"""
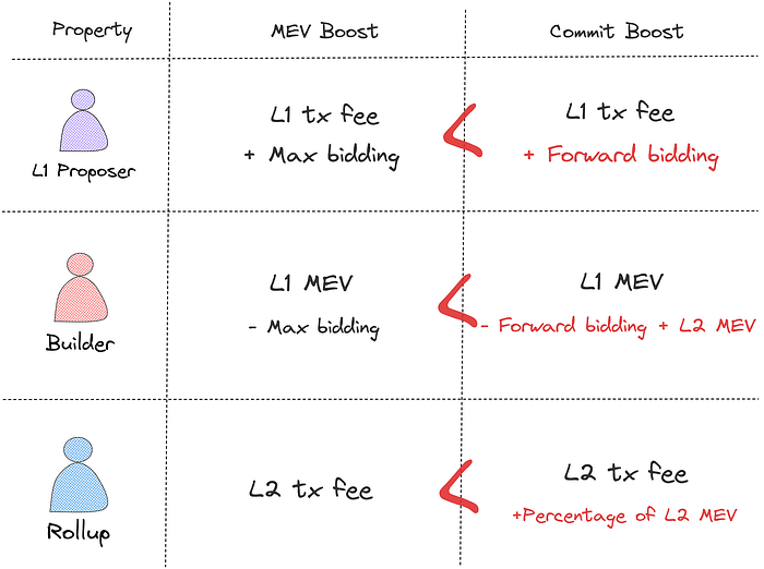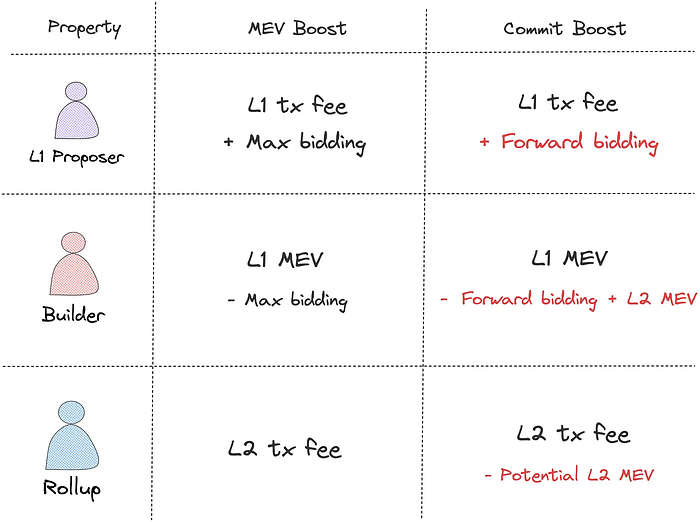 实际上,基于 Commit-Boost 的衍生品市场在 MEV-Boost 中创建了一个新的收入来源——L2 MEV,这意味着总体市场收入必然会增加。但是,尽管总体收入在增加,但每个参与者感知的风险可以概括如下:
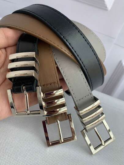 Silver Buckle Belt With Stitching And Loop With 3 Modern Casual And - 鏽棕色 - 查看 1
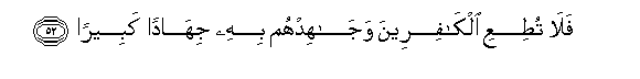 52. Fala tutiAAi alkafireena wajahidhum bihi jihadan kabeeran
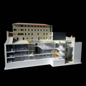 Il progetto prevede 4 piani interrati. I primi due composti da cinque aule ciascuno, il terzo composto da quattro laboratori e da un’aula d’informatica. I collegamenti orizzontali sono rappresentati, oltre che da normali corridoi, anche da passerelle-ballatoio; a fianco di questi percorsi, si aprono varie nicchie di studio.
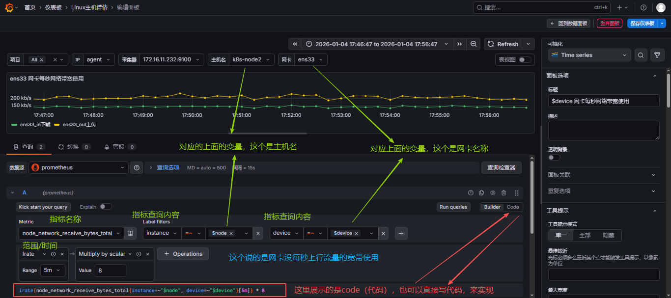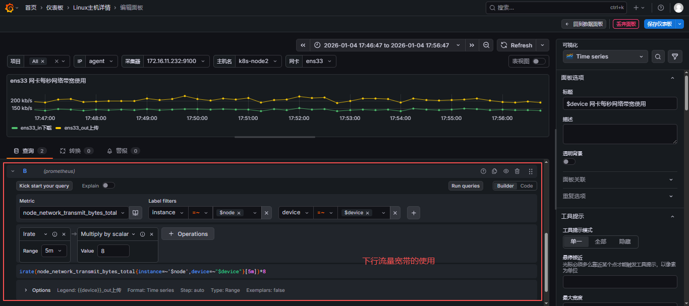 - 选择指标,可以同时添加多个指标,这里我就选择做网卡每秒网络带宽使用,那就需要添加上行和下行流量,可以参考此文:【云原生】Prometheus之PromQL用法详解 来写
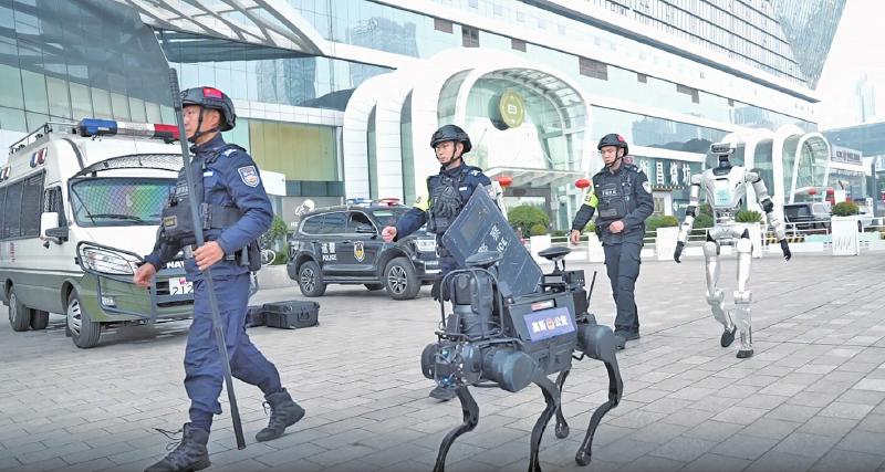 全尺寸人形机器人混编巡逻、机器狗灵活穿梭、警用无人机空中巡航……今年春节期间,在成都的大型商圈、重要道路、旅游景点、公交地铁等人员密集场所,成都市经信局市新经济委联合市公安局推动一系列“成都造”新锐装备赋能警务实战,构成了“空中+地面+单兵+智能服务”的立体防控体系,用硬核产业实力守护群众的幸福与安全。
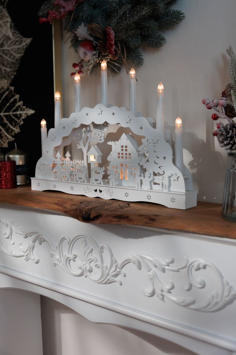 Adauga un plus de farmec decorului de sarbatoare cu aceasta decoratiune de Craciun tip casuta de la MagicHome. Realizata din plastic si iluminata cu 10 LED-uri alb cald, piesa creeaza o atmosfera primitoare si festiva in orice incapere. Designul sau delicat, inspirat de un peisaj de iarna cu casuta, copaci si figurine, o face ideala pentru amenajarea ferestrei, a raftului sau a mesei.
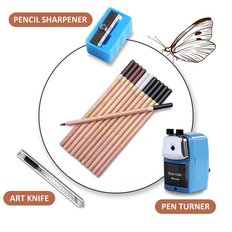 - ✏ Charcoal Pencil Design Style - Charcoal pens are no longer only black.Colored charcoal pens have the texture and effect of ordinary charcoal pens,but also have a different color from color pencil. Bring more different levels and lines to painting.
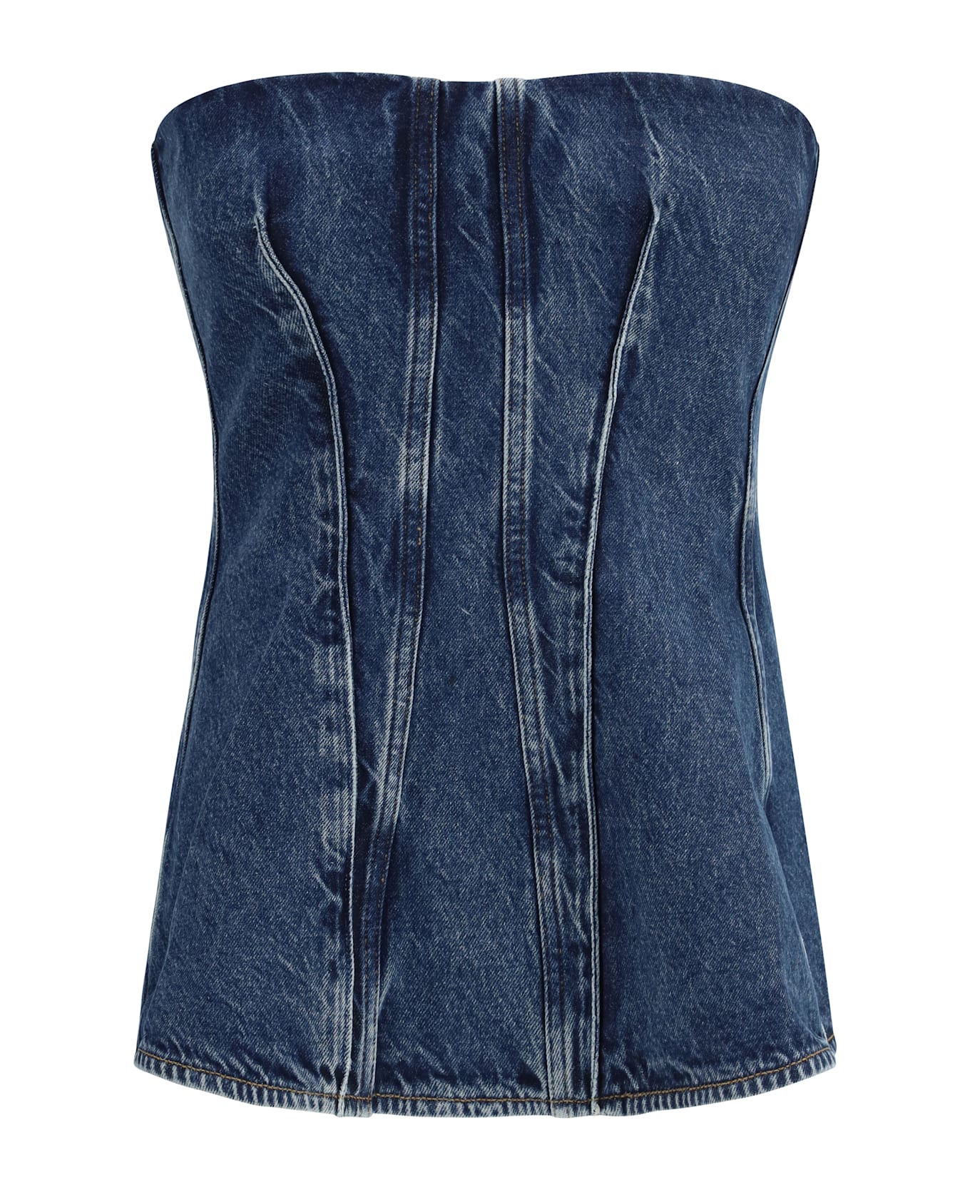The lara corset by agolde is a sleeveless denim corset top featuring a subtle a-line silhouette. crafted from weightless regenerative cotton, it offers a soft, lived-in feel. deep, almost-black marbling adds understated depth, making it perfect for layering or pairing with clean, tailored pieces.
"""
### TASK PROMPT
Out of the records above, return only the lines from the one with "Silver Buckle Belt" through the one with "- ✏ Charcoal", exactly, and none of the pictures.

### SOLUTION TO THIS TASK
 Silver Buckle Belt With Stitching And Loop With 3 Modern Casual And - 鏽棕色 - 查看 1
 52. Fala tutiAAi alkafireena wajahidhum bihi jihadan kabeeran
 Il progetto prevede 4 piani interrati. I primi due composti da cinque aule ciascuno, il terzo composto da quattro laboratori e da un’aula d’informatica. I collegamenti orizzontali sono rappresentati, oltre che da normali corridoi, anche da passerelle-ballatoio; a fianco di questi percorsi, si aprono varie nicchie di studio.
 - 选择指标,可以同时添加多个指标,这里我就选择做网卡每秒网络带宽使用,那就需要添加上行和下行流量,可以参考此文:【云原生】Prometheus之PromQL用法详解 来写
 全尺寸人形机器人混编巡逻、机器狗灵活穿梭、警用无人机空中巡航……今年春节期间,在成都的大型商圈、重要道路、旅游景点、公交地铁等人员密集场所,成都市经信局市新经济委联合市公安局推动一系列“成都造”新锐装备赋能警务实战,构成了“空中+地面+单兵+智能服务”的立体防控体系,用硬核产业实力守护群众的幸福与安全。
 Adauga un plus de farmec decorului de sarbatoare cu aceasta decoratiune de Craciun tip casuta de la MagicHome. Realizata din plastic si iluminata cu 10 LED-uri alb cald, piesa creeaza o atmosfera primitoare si festiva in orice incapere. Designul sau delicat, inspirat de un peisaj de iarna cu casuta, copaci si figurine, o face ideala pentru amenajarea ferestrei, a raftului sau a mesei.
 - ✏ Charcoal Pencil Design Style - Charcoal pens are no longer only black.Colored charcoal pens have the texture and effect of ordinary charcoal pens,but also have a different color from color pencil. Bring more different levels and lines to painting.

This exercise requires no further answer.